UNRWA, the United Nations agency for Palestinian refugees, said that one million civilians had fled Rafah since the ground attack went ahead despite a chorus of international warnings.

On Tuesday, AFP reporters saw people carry what belongings they could as they fled western Rafah's Tal al-Sultan, where a strike on Sunday that Israel said targeted Hamas killed 45 people, according to Palestinian officials.

The more fortunate transported piles of mattresses and blankets and dozens of children on the back of trucks, while others carried what they could in rubbish bags, or walked with rolled up mattresses on their heads.

In the nearby southern city of Khan Yunis, AFP reporters saw piles of pillows, mattresses and bags of clothes covering a sandy area where people fleeing Rafah had settled.

Yasser Adwan, a 22-year-old resident of west Rafah, told AFP that "Israeli drones targeted anyone moving or walking in the streets of Rafah".

He reported several casualties "left lying in the street" because civil defence teams could not retrieve them for fear of being targeted themselves.


The health ministry in Hamas-run Gaza said in a statement that Israeli shelling in and around health facilities in the governorate has left just one still operational.

It said that only Tal Al-Sultan Maternity Hospital was still "struggling to continue providing service to patients in the Rafah Governorate".

Several witnesses reported Israeli tanks taking up position on high ground at Tal Zorob near the border with Egypt.

"Israeli forces are stationed ... on a hill called Tal Zorob, the highest hill in Rafah," Mohammad al-Mughayyir, an official with Gaza's civil defence agency, told AFP.

Israel's military said in a statement its forces had carried out operations on the Philadelphi Corridor, a strip of land along the Egyptian border and near Tal Zorob, on Monday night.

It said they were "conducting precise operational activity based on intelligence indicating the presence of terror targets in the area".

A statement from Mughayyir reported difficulties faced by ambulance crews reaching "besieged houses and evacuating the injured" in the nearby Zorob Square.

He said this was mainly because of Israeli "quadcopter drones" that he said had targeted his staff on three occasions.

Mughayyir said his teams were responding to calls from northern and western Rafah, but had been unable to reach "eastern and southern areas".

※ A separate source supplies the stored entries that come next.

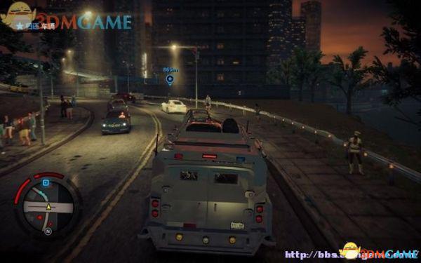 第三个目标是收集病毒,也就是劫持一辆警方保护的装甲车送到指定位置。第四个目标完成跑酷比赛,在获得无限冲刺技能后,这种小游戏比较容易完成。如果再学习滑翔技能的话更是锦上添花,中途会遇到一条河,可以直接飞过去。
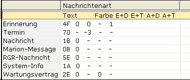 Im System sind bereits einige Nachrichtenarten voreingestellt, die auf dem Feld Art> in der Nachrichtenmaske ausgewählt werden können. Die verschiedenen Nachrichtenarten enthalten vordefinierte Parameter für Aussehen und terminliche Vorgaben.
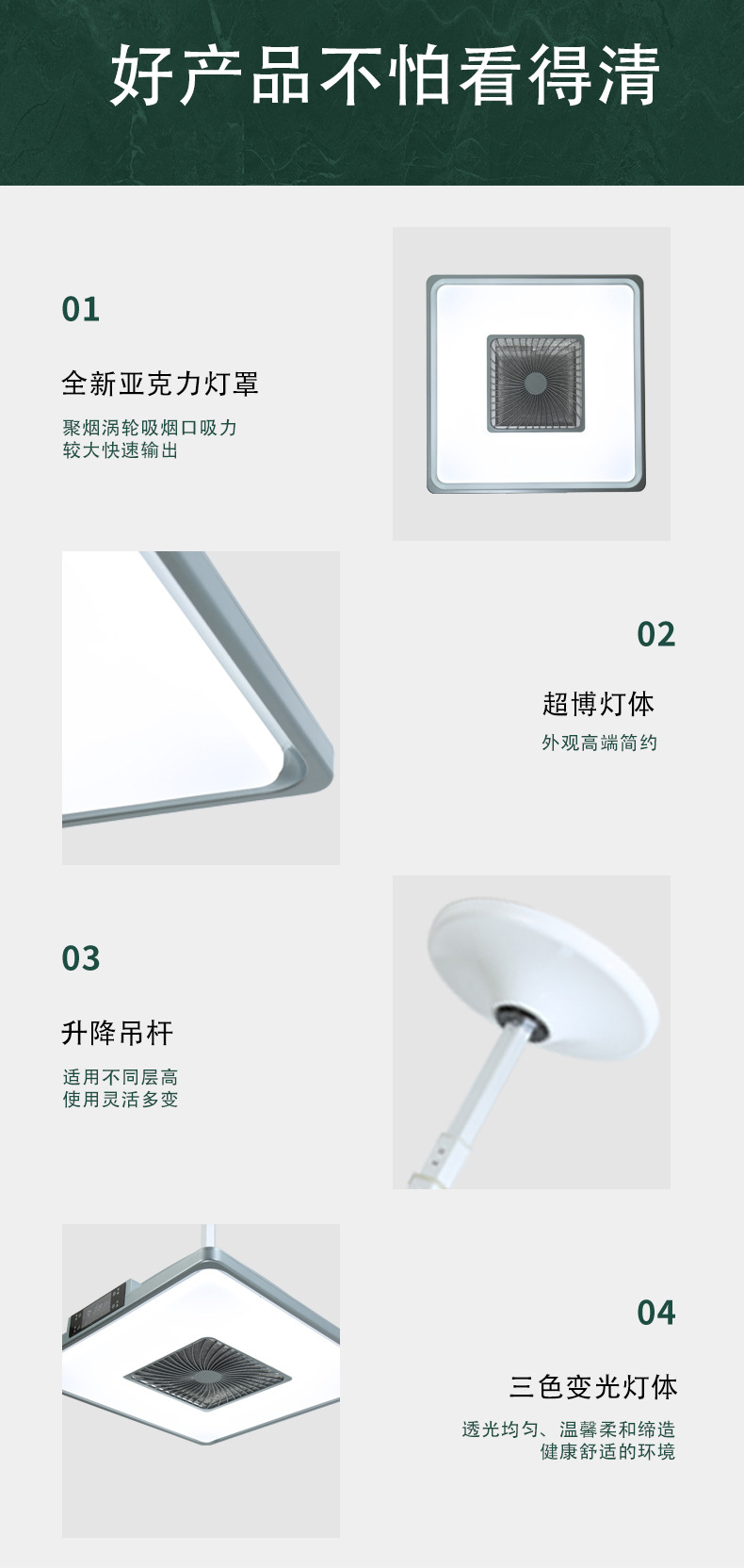 - 直排吸煙凈化燈強勁環(huán)吸四邊燈光D8-W
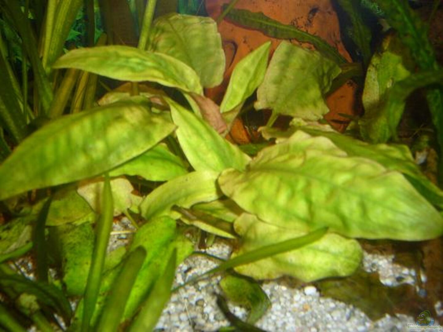 - Vallisneria spiralis (Glattblättrige Vallisnerie) - Cladophoraaegagrophila (Mooskugel) - Wasserkelch - Nymphaea lotus var.rubra (Roter Tigerlotus) - Echinodorus osiris (Rötliche Amazonasschwertpflanze) - Riesenvallisnerie - Anubias
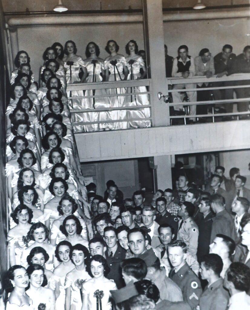 “Quick changing into white satin dresses,” Forrest continues. “Performing for thousands of appreciative soldiers. Then back to high school history class at Beaumont, Texas.”
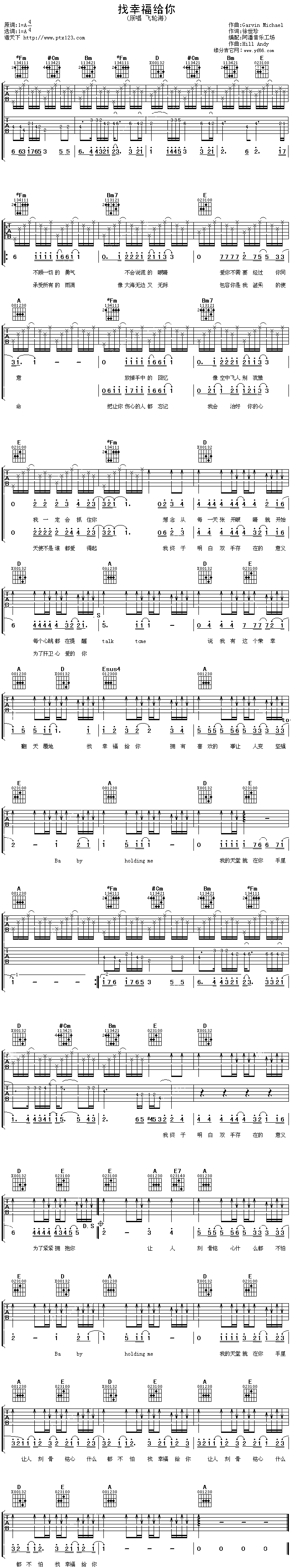 找幸福给你-飞轮海(吉他谱 吉他曲谱 吉他六线谱 吉他歌谱 吉它谱 影视吉他谱)
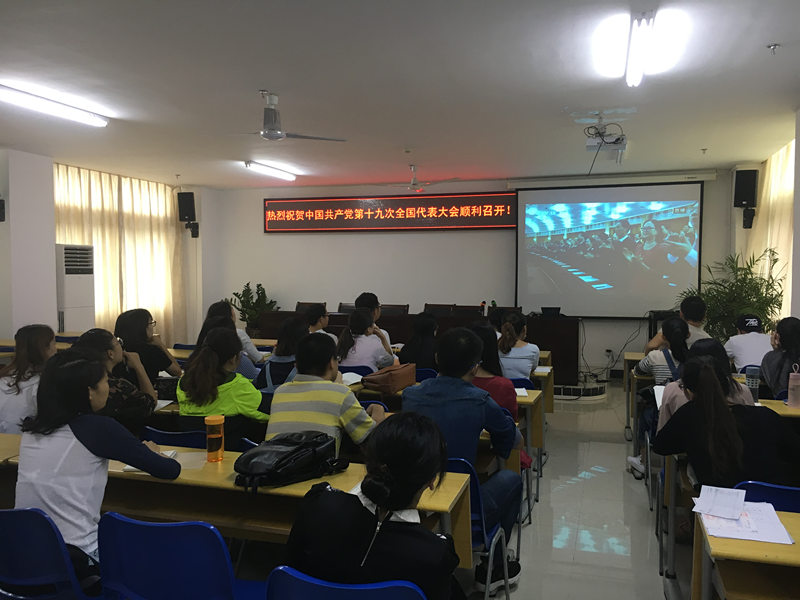 10月18日上午,bv伟德国际1946党委认真组织师生观看中国共产党第十九次全国代表大会开幕会直播。院领导李辽宁、张井富、杨娜,部分教职工和学生100多人全程观看开幕会,直播活动在社科楼A311、A315和A618多媒体课室同步进行。
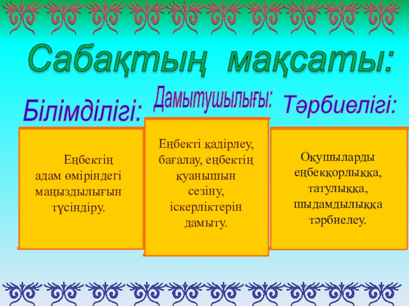 Еңбекті қадірлеу, бағалау, еңбектің қуанышын сезіну, іскерліктерін дамыту.
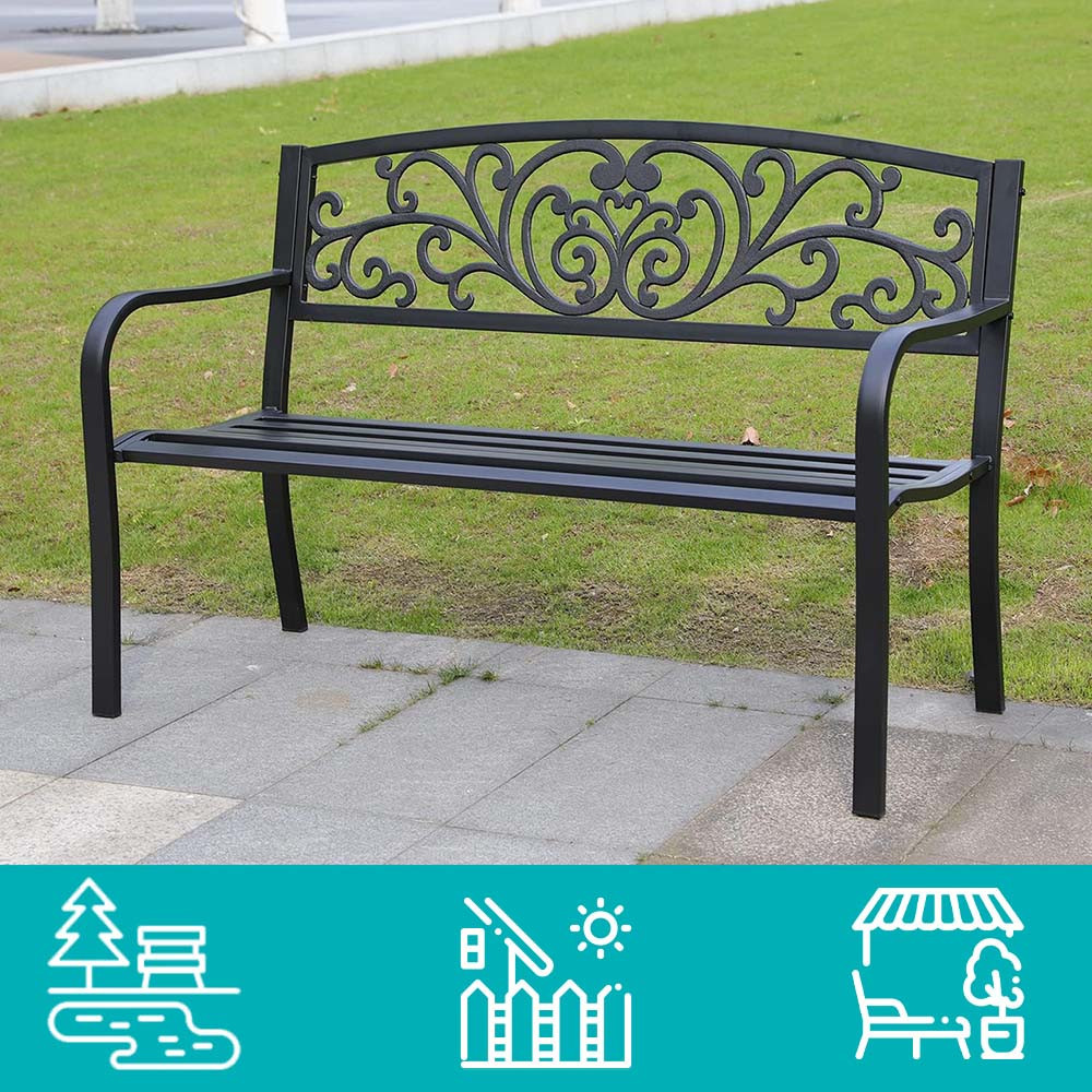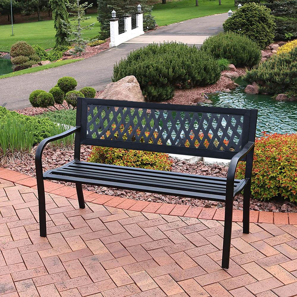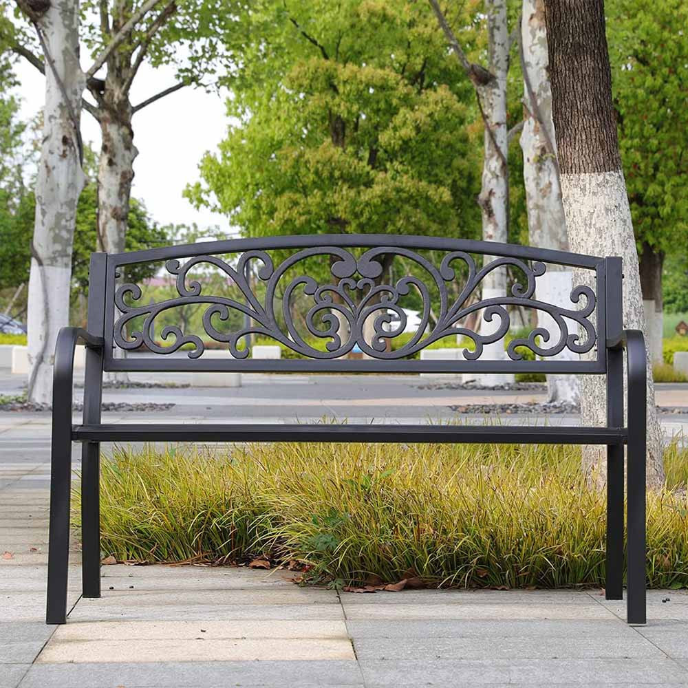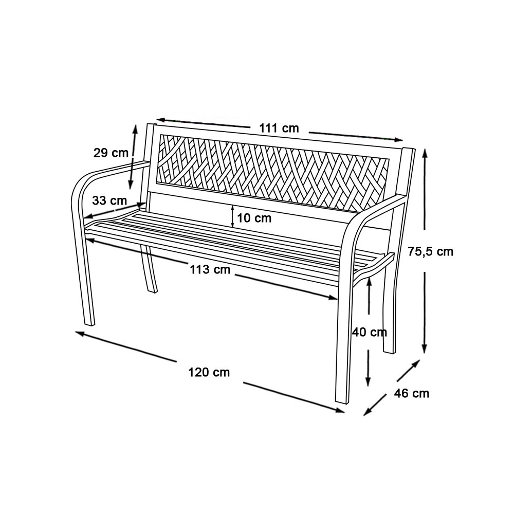 Čierna farba a mrežovaný operadlový dizajn reprezentujú elegantný, no nenápadný štýl, ktorý ľahko zapadne do každého vonkajšieho prostredia. Lavička je estetickým doplnkom záhrady a zároveň plní aj praktickú funkciu.

A Gaza security source told AFP Tuesday at midday that Israeli tanks were now also "in central and southwest Rafah".

Yasser Adwan in west Rafah told AFP tanks had also taken up position "on the Al-Awda roundabout in the centre of the city of Rafah".

Rafah resident Fatima al-Nams, 65, told AFP that "throughout the night, the bombing didn't stop, with air and artillery fire and vehicles advancing to the west" of the city.

"We will evacuate like the other citizens now," added Nams, who as a resident of the last area in the Gaza Strip to be attacked by ground troops had not yet been displaced, unlike most people in the territory.

The UN Palestinian refugee agency, UNRWA, reported Tuesday that "around one million people" fled Rafah over the past three weeks.

When Israeli forces told those in the north to evacuate, before conducting operations in central Gaza and the southern city of Khan Yunis, hundreds of thousands fled south to Rafah.

The governorate's population swelled to 1.4 million as a result, UNRWA said, out of Gaza's total population of 2.4 million.

The war in Gaza began after Hamas's October 7 attack on southern Israel, which resulted in the deaths of more than 1,170 people, mostly civilians, according to an AFP tally based on Israeli official figures.

Israel's retaliatory offensive has killed at least 36,096 people in Gaza, mostly civilians, according to the territory's health ministry.